American football player (born 1977)

David Walter Bowens (born July 3, 1977) is an American former professional football player who was a linebacker for 12 seasons in the National Football League (NFL). He was selected by the Denver Broncos in the fifth round of the 1999 NFL draft. He played college football for the Michigan Wolverines. He now is Archbishop Carroll High School’s Defensive Coordinator in Riverside Ohio.

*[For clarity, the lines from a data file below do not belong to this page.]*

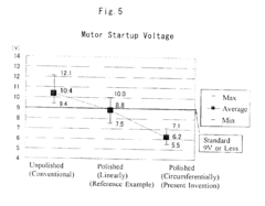 - A miniature motor design featuring a concentrically polished end face on the motor-casing-side bearing to reduce frictional resistance, combined with a manufacturing method that includes coaxially pressing a polishing rod against the bearing's end face to smooth the area where the rotor's washer abuts, ensuring efficient torque transmission without excessive power consumption.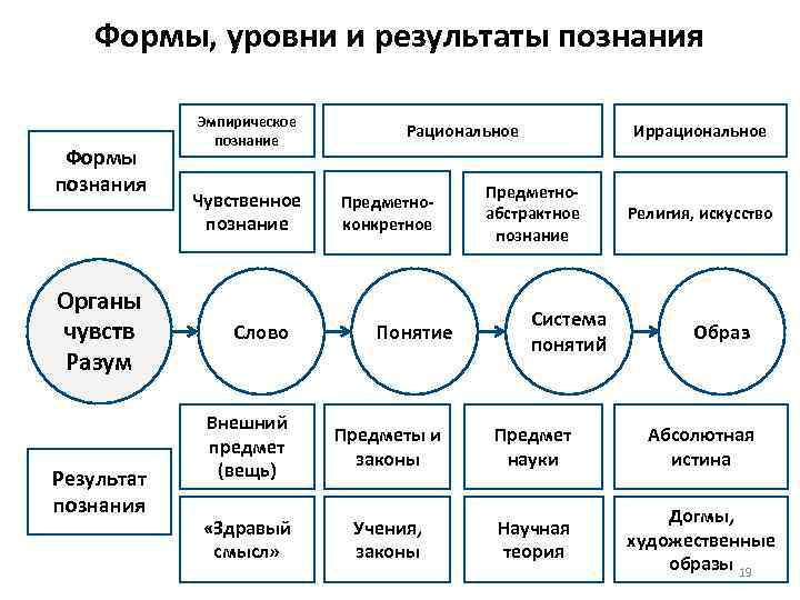 Формы, уровни и результаты познания Формы познания Органы чувств Разум Результат познания Эмпирическое познание Чувственное познание Слово Рациональное Предметноконкретное Понятие Иррациональное Предметноабстрактное познание Система понятий Религия, искусство Образ Внешний предмет (вещь) Предметы и законы Предмет науки Абсолютная истина «Здравый смысл» Учения, законы Научная теория Догмы, художественные образы 19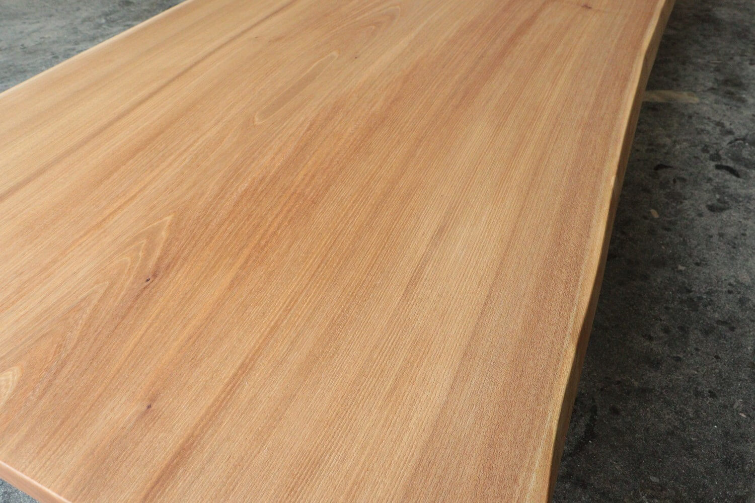 こちらの一枚板は木目が真っ直ぐ通る柾目と呼ばれる部分の比率が多く、一つ一つの木目がくっきりと密に一直線で伸びる木目が魅力の楡の良さが詰まった一枚です。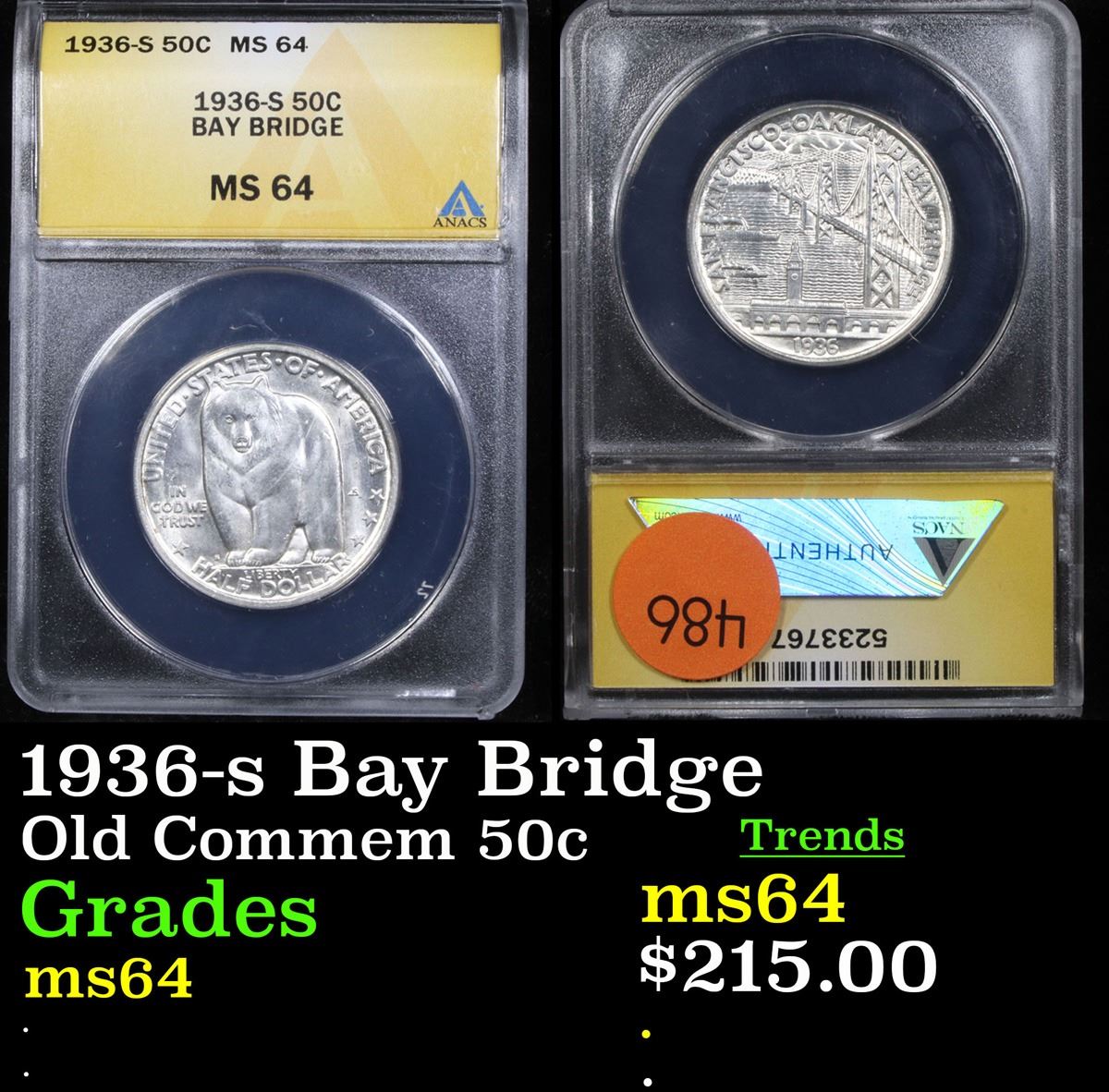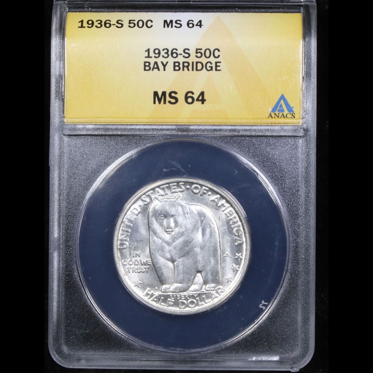 ANACS 1936-s Bay Bridge Old Commem Half Dollar 50c Graded ms64 By ANACS.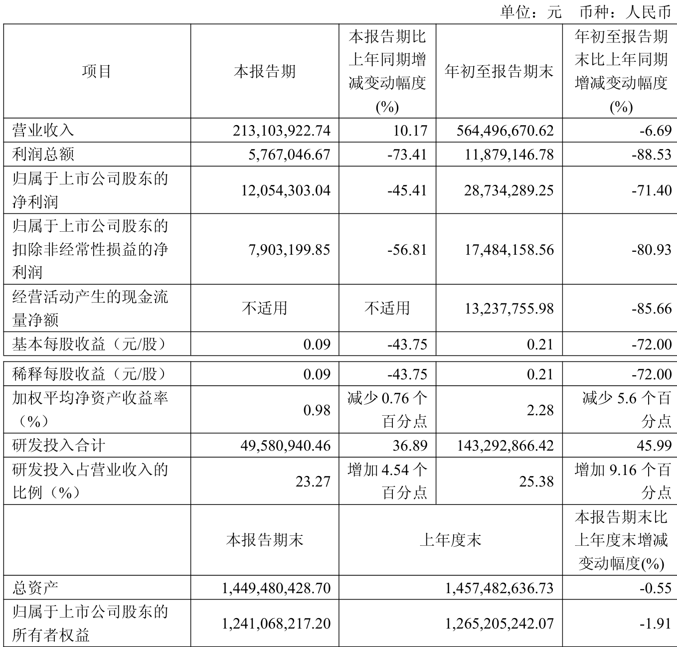 中证智能财讯力芯微(688601)10月30日披露2025年第三季度报告。前三季度公司实现营业总收入5.64亿元,同比下降6.69%;归母净利润2873.43万元,同比下降71.40%;扣非净利润1748.42万元,同比下降80.93%;经营活动产生的现金流量净额为1323.78万元,同比下降85.66%;报告期内,力芯微基本每股收益为0.21元,加权平均净资产收益率为2.28%。
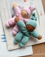 Nanchen dolls are always handmade, and always made from 100% organic materials. The Pimpel Doll is made from 100% organic cotton, and is safe for baby to chew on.

Bowens was also a member of the Green Bay Packers, Buffalo Bills, Washington Redskins, Miami Dolphins, New York Jets, and Cleveland Browns.

==Early life==
Bowens attended St. Mary's Preparatory in Orchard Lake, Michigan and was a letterman in football, basketball, and track and field. In basketball, he won All-State honors.

==College career==
Bowens started his college career at the University of Michigan for two seasons before he transferred to Western Illinois. He majored in accounting.

==Professional career==

===Denver Broncos===
Bowens was originally drafted in the fifth round (158th overall) of the 1999 NFL draft out of Western Illinois University by the Denver Broncos.

===Green Bay Packers===
Bowens played for the Green Bay Packers in 2000, recording 3.5 sacks.

===Miami Dolphins===
Bowens played with the Miami Dolphins from 2001 to 2006.

===New York Jets===
On March 27, he agreed to terms on a three-year contract with the Jets worth more than $6 million. He was released by the Jets on February 19, 2009.

===Cleveland Browns===
Bowens was signed to a four-year, $7.2 million contract by the Cleveland Browns on March 10, 2009. The move reunited him with head coach Eric Mangini, for whom he played while with the Jets. On October 24, 2010, he caught and returned two interceptions for touchdowns against the New Orleans Saints, one for 64 yards and another for 30 yards. These were vital plays and led to the Browns upset win over the Saints, 30–17.

On February 9, 2011, the Browns released Bowens.